■ STORED DATA
☆ ☆ ☆ ☆

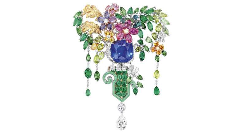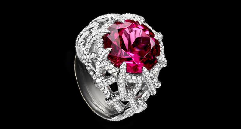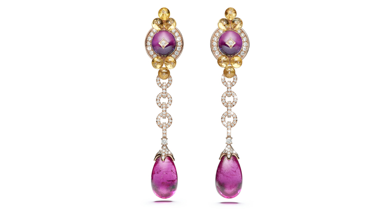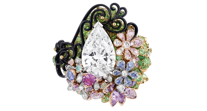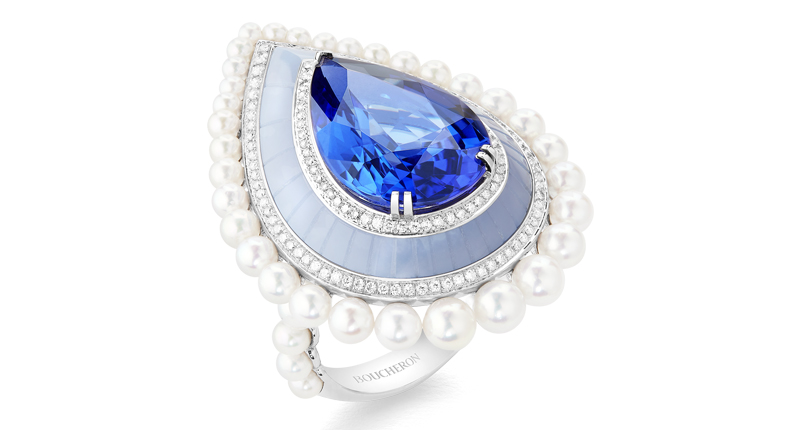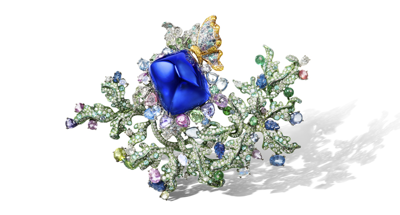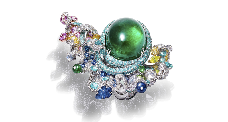 In Paris, the designer showed elaborate designs that often were anchored around one prominent gemstone, such as a sugarloaf tanzanite or cabochon emerald.
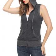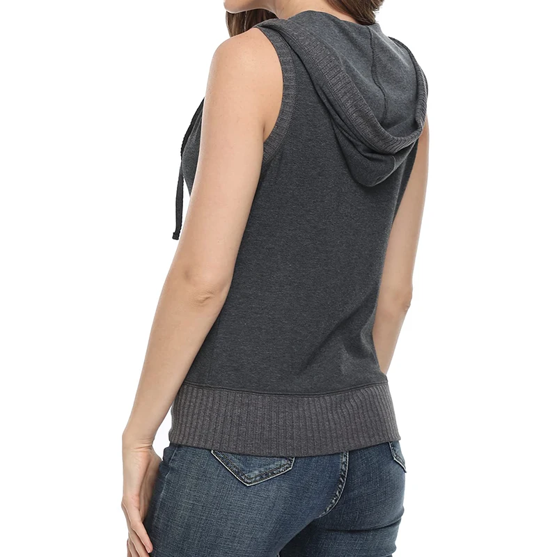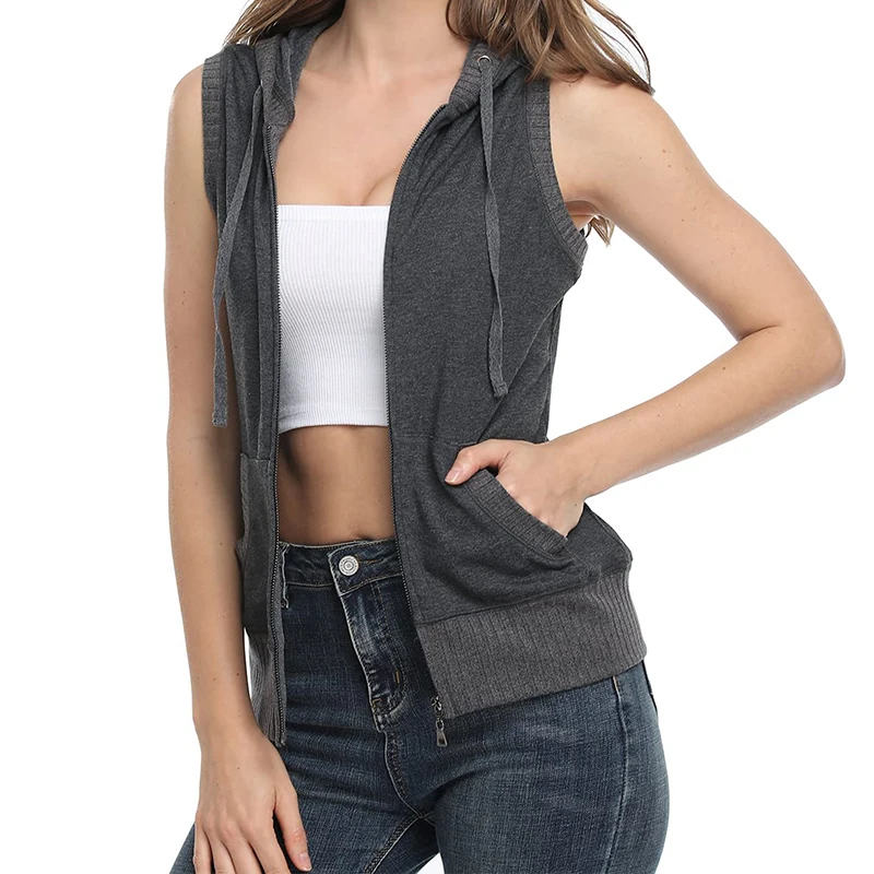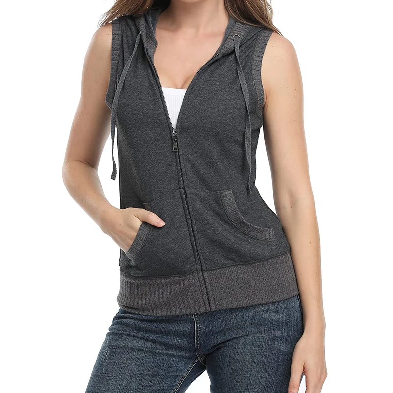 Adjustable drawstring hood, deep front pockets, ribbed sleeveless.
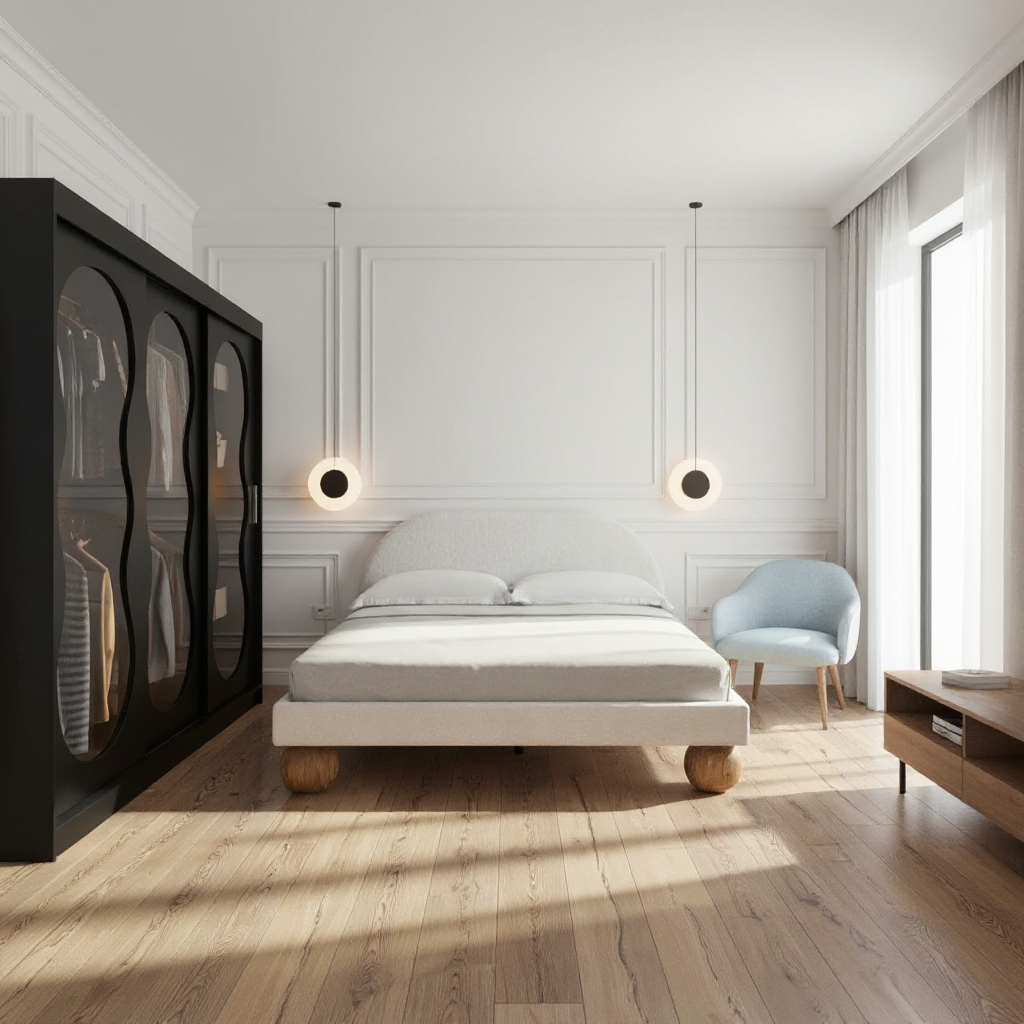 a wide frontal image of the wall with the closet the bed is on the right with two nightstands on on each side of the bed the walls are white and have white trim molding

☆ ☆ ☆ ☆

What is needed is the whole listing again, exactly as written, with the images left out.

■ EXERCISE OUTPUT
 In Paris, the designer showed elaborate designs that often were anchored around one prominent gemstone, such as a sugarloaf tanzanite or cabochon emerald.
 Adjustable drawstring hood, deep front pockets, ribbed sleeveless.
 a wide frontal image of the wall with the closet the bed is on the right with two nightstands on on each side of the bed the walls are white and have white trim molding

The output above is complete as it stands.